Diabetes Risk Prediction with Machine Learning Models


Creative Commons License

Özsezer G., Mermer G.

Artificial Intelligence Theory and Applications, cilt.2, sa.2, ss.1-9, 2022 (Hakemli Dergi)

Özet

Diabetes mellitus (DM) is one of the most common chronic diseases worldwide, which is a major public health problem. The aim of this study is to predict DM risk with machine learning (ML) models using available data. In the analytical study, the “Diabetes Health Indicators Dataset” consisting of 253680 data and 21 variables collected annually by the CDC was used. The open access dataset was retrieved from Kaggle on March 5, 2022. Data analysis was done with Phyton 3.0 programming language using numpy, pandas, matplotlib, seaborn, sciktlearn, imblearn libraries. With data pre-processing, outliers and missing data were removed. KNN, Logistic regression, Decision tree, Random forest and Naive Bayes from ML algorithms were used in predictive modeling. The prediction rate of the algorithms was evaluated with accuracy, precision, recall and F1 Score.

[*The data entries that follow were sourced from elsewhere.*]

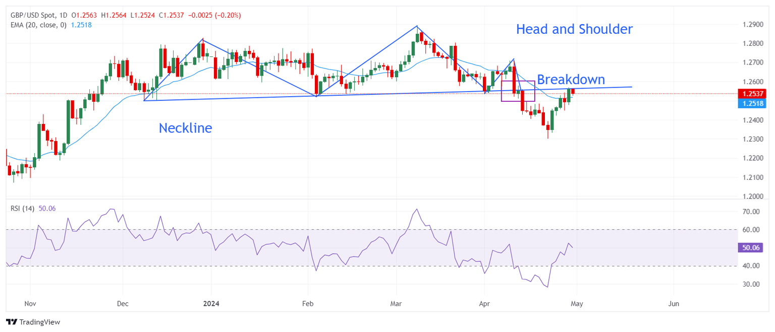 The Pound Sterling falls from a two-week high of 1.2570 against the Greenback. The GBP/USD pair struggled to extend its upside reaching the breakdown region of the Head and Shoulder chart pattern formed on a daily timeframe. The Cable witnessed a sharp fall after breaking below the crucial support of 1.2535 on April 12, but it has recovered recent losses since then.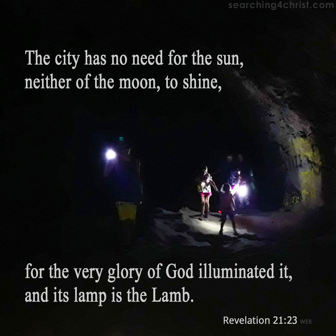 The city has no need for the sun, neither of the moon, to shine, for the very glory of God illuminated it, and its lamp is the Lamb. Revelation 21:23 WEB
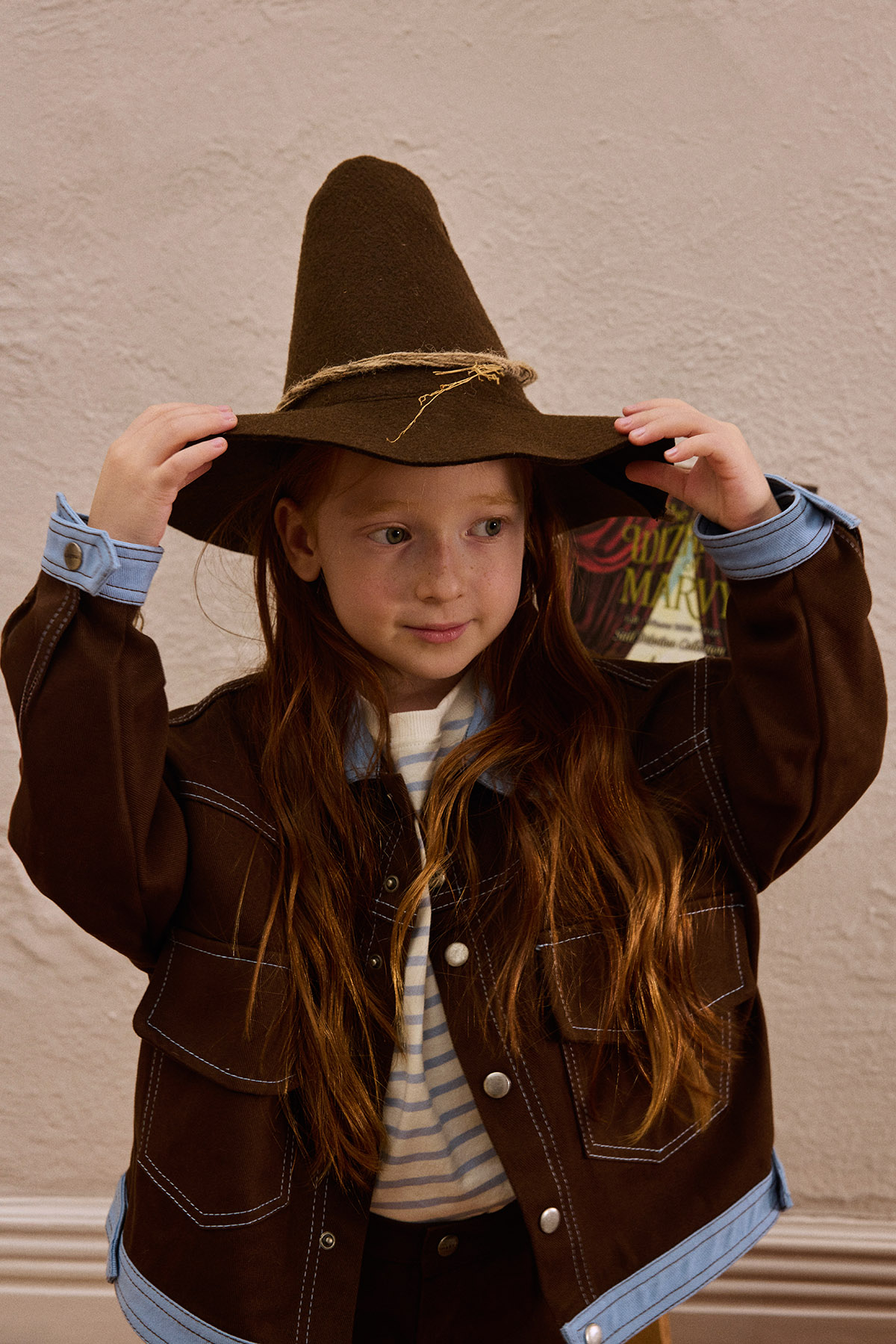 This children’s jacket in a brown and blue color combination stands out with its modern and dynamic design. Featuring a shirt collar and snap button closure at the front, it offers both practicality and style. The patch pockets add functionality, while the contrast topstitching enhances the overall sporty yet chic look. Crafted from 100% cotton fabric, it ensures breathability, durability, and all-day comfort. Perfect for daily wear and special occasions, this jacket combines functionality with timeless style for kids.

It did not require permission as the data was open access. KNN’s accuracy was 0.74, precision 0.31, recall 0.55, F1 score 0.39; Logistic regression’s accuracy was 0.72; precision 0.33, recall 0.74, F1 score 0.46; Decision tree’s was accuracy 0.84, precision 0.54 recall 0.15, F1 score 0.24; Random forest’s accuracy was 0.84, precision 0.56, recall 0.16, F1 score 0.25; Naive bayes's accuracy was 0.84, precision 0.52, recall 0.19, F1 score 0.28. In this study, ML algorithms were used for DM risk estimation. According to the experimental results, when the data set is divided into random training (80%) and testing (20%), the accuracy values of random forest and decision tree algorithms are very close to each other (RF: 0.848, DT: 0.847). Therefore, it can be said that the two best algorithms for diabetes risk estimation are random forest and decision tree.